Barry Hofstetter wrote:Apart from an ancient text describing the actual processes involved, I doubt that anyone knows the answer to this.
Frescoes, mosaics, physical remains in very dry dig sites, and modern practices in non-packaging cultures are all possible sources that might contribute to an understanding of the first question. I don't know what the morphological element -υλη contributes to our understanding here, and the singularin the LXX text quotes leaves me a little surprised.
The issues raised in the second could be approached through archeological evidence for an answer, but the constitution (the mode of constituting) the cakes would not be so easily depicted in art. Conservation practices in pre-mechanised societies could also suggest how humans have worked with food stuffs considering their natural properties. If what holds for the μέρος-μέλος pair also holds for the related word μοῖρα, then Longus' use of μοῖρα may suggest a a lack of distinction of parts. If it is not related, then the "lot" sense, might mean little more than "the part which was for him", without describing its internal quality. Not using κομμάτιον may suggest that the παλάθη was not so dense that it needed to be cut, or it may not.
The third question that I didn't ask, viz. "What other fruits could be make into a παλάθη?" both could be asked, and perhaps doesn't need to be asked. Herodotus taken together with the LXX shows that the παλάθη is not limited to just one fruit. In some ways that is enough to give definition to the LSJ entry. If I hadn't looked up the references in LSJ, and asked this 3rd question, then the statements you make about doubt could equally be applied to it too.

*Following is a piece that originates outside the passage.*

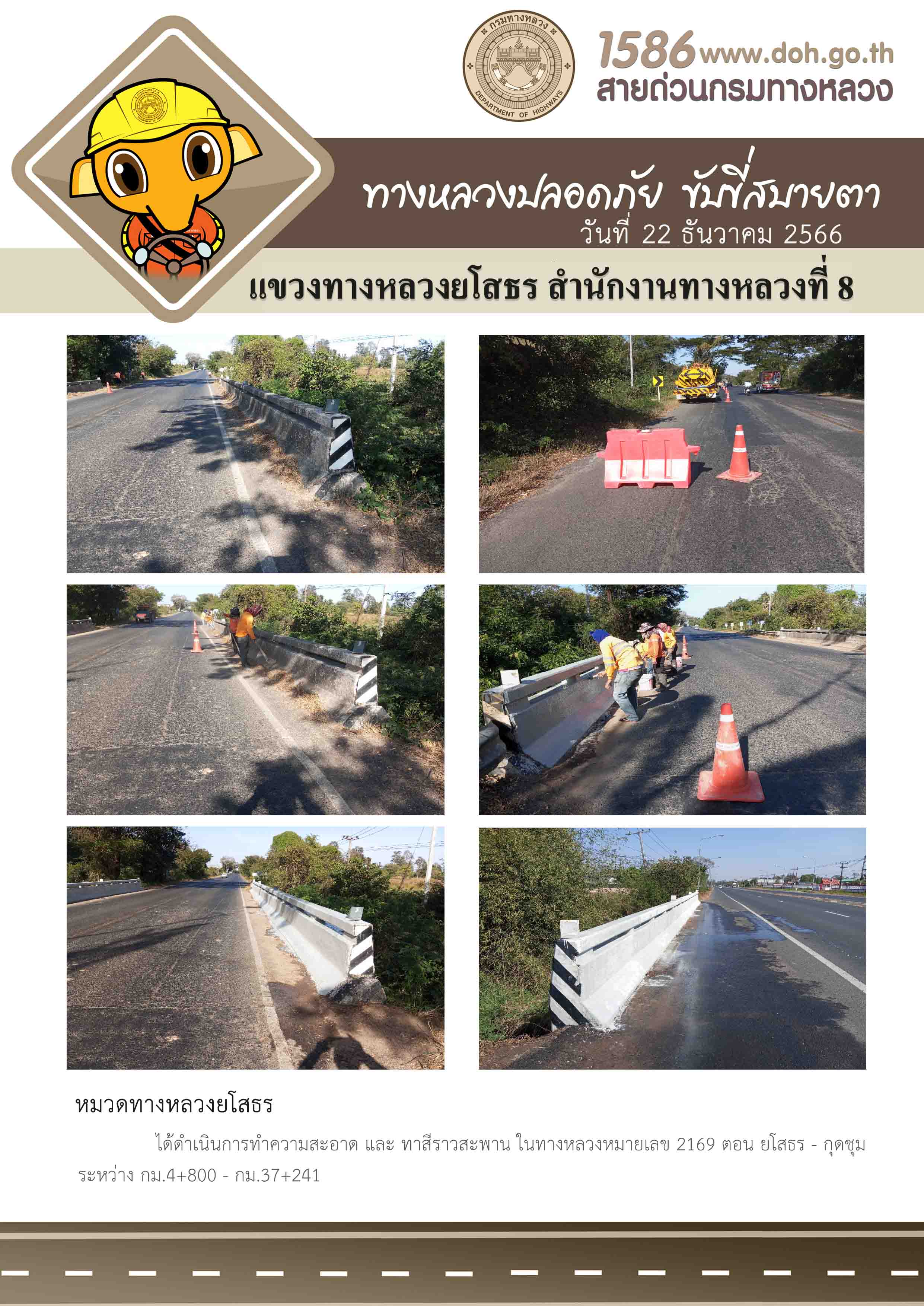 วันที่ 22 ธันวาคม 2566 หมวดทางหลวงยโสธร ได้ดำเนินการทำความสะอาด และทาสีราวสะพาน ในทางหลวงหมายเลข 2169 ตอน ยโสธร - กุดชุม ระหว่าง กม.4+800 - กม.37+241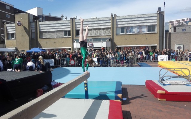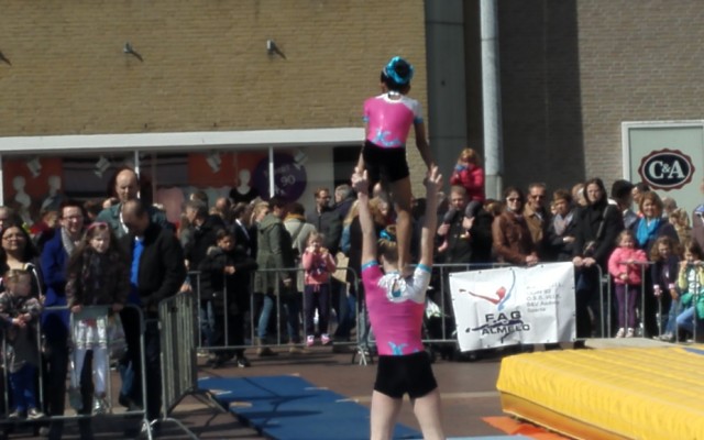 TURNEN - De FAG Almelo (De Federatie van Almelose Gymnastiekver.) gaf op Koningsdag een demonstratie op het Marktplein. Alle disciplines uit de turnsport kwamen aan bod. De vijf Almelose gymverenigingen t.w. Achilles, OSS-WIK, Odin'92, S en V Aadorp en Sparta lieten het beste zien.De belangstelling voor de demonstraties was groot. Om 11.00 uur werd er begonnen. Elk optreden van de verenigingen duurde zo'n vijftig minuten. Ook was er aandacht voor het project "Gym voor 45plus".

As an aside, to comment on the cultural assuptions of (reasonable) doubt, it seems that it is your expectation that if you can create sufficient doubt then that carries some culturally endorsed credibility as a proof that something is wong or not credible. I've seen a similar phenomenon in other presentations of ideas too, when someone says something like, "and that might be all we ever know" at the end of a point they make. Effectively, they give themselves the last word without there being any reason for that being the case. I find the practice slightly amusing: slightly annoying.